**ASSIGNMENT**
The result should be the listing below, restated exactly, with its pictures left out.

**DATA**
*** Block opens ***

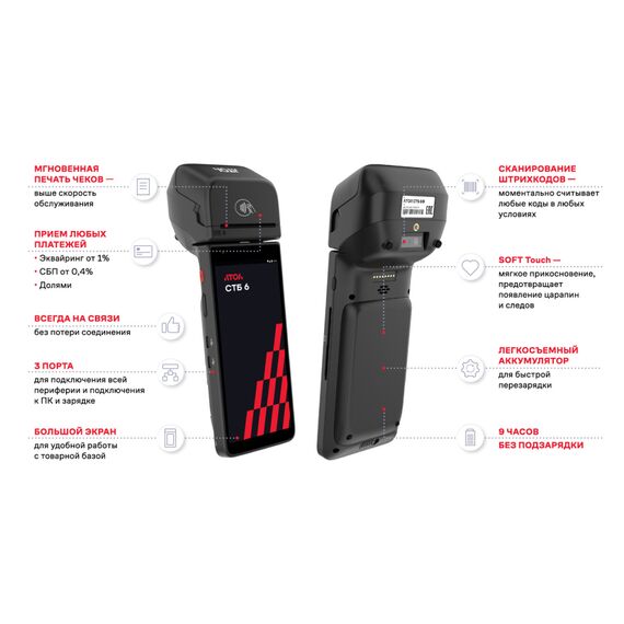 Смарт-терминал АТОЛ СТБ 6 с автоматическим тарифом SIGMA и ИТС, без ФН, 5.0 [63170]
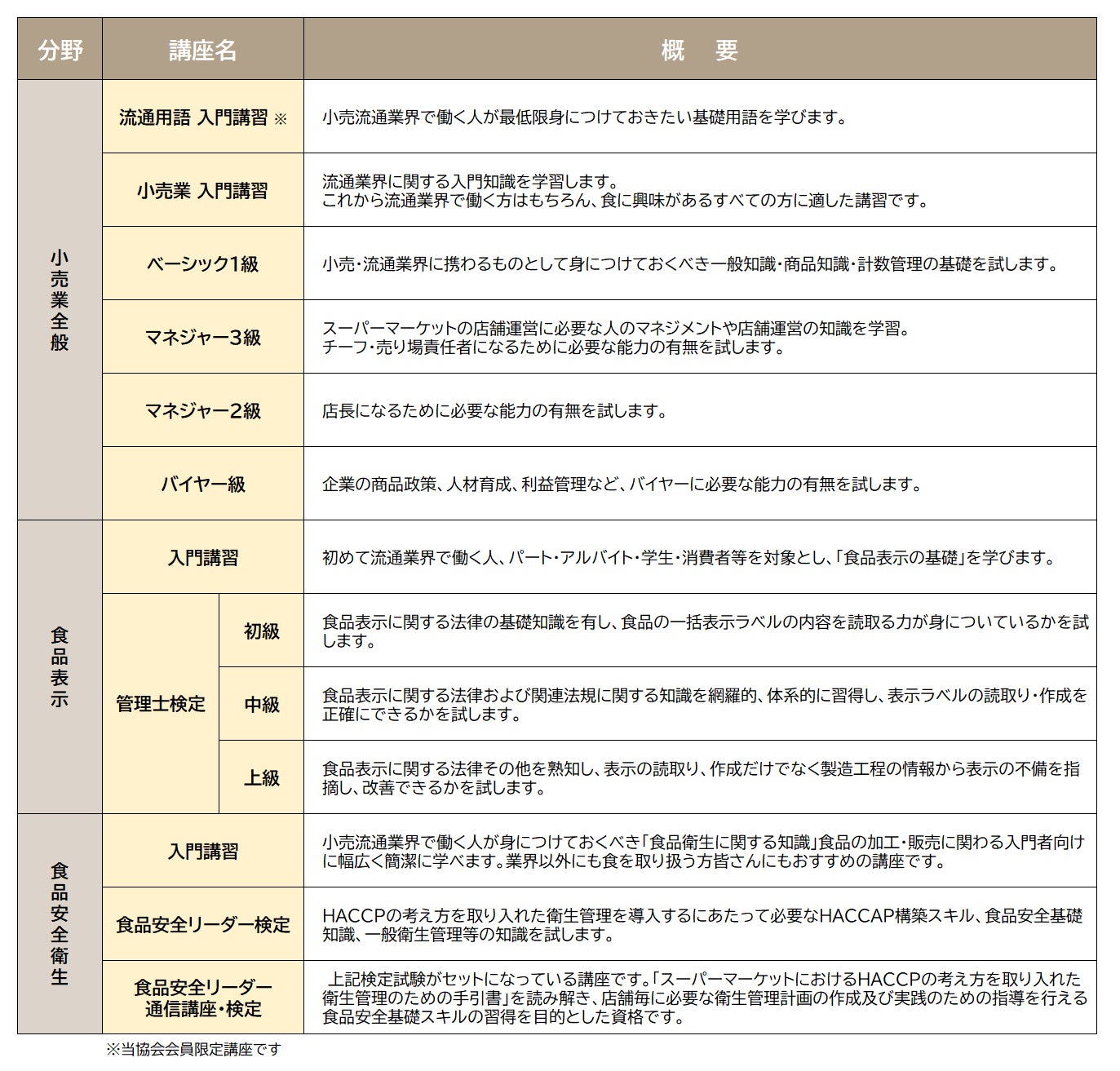 スーパーマーケットをはじめとする小売業や流通業で働く人の知識と技術の向上を目的とした検定試験で、厚生労働省が策定した「職業能力評価基準」※に準拠しており、「小売業全般」「食品表示管理士」「食品安全衛生」の3分野において、キャリア・興味に合わせて受検・受講が可能です。
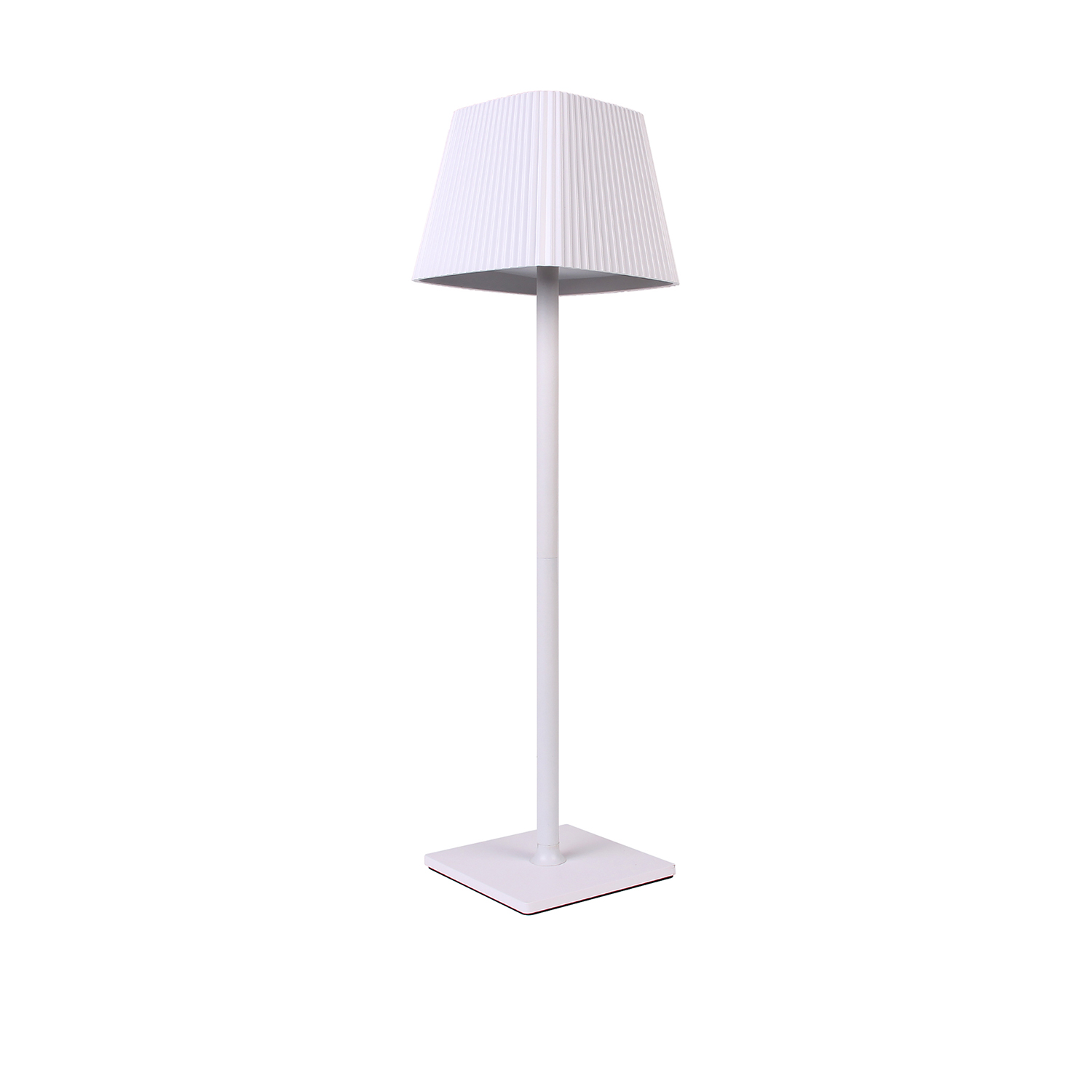La forma slanciata e il paralume plissettato donano alla lampada un aspetto minimalista ma sofisticato, che si abbina con facilità a qualsiasi tipo di arredamento, sia classico che contemporaneo. La colorazione bianca neutra la rende un complemento versatile per ogni ambiente, contribuendo a creare spazi ordinati e luminosi.

*** Block closes ***

**TASK OUTPUT**
 Смарт-терминал АТОЛ СТБ 6 с автоматическим тарифом SIGMA и ИТС, без ФН, 5.0 [63170]
 スーパーマーケットをはじめとする小売業や流通業で働く人の知識と技術の向上を目的とした検定試験で、厚生労働省が策定した「職業能力評価基準」※に準拠しており、「小売業全般」「食品表示管理士」「食品安全衛生」の3分野において、キャリア・興味に合わせて受検・受講が可能です。
La forma slanciata e il paralume plissettato donano alla lampada un aspetto minimalista ma sofisticato, che si abbina con facilità a qualsiasi tipo di arredamento, sia classico che contemporaneo. La colorazione bianca neutra la rende un complemento versatile per ogni ambiente, contribuendo a creare spazi ordinati e luminosi.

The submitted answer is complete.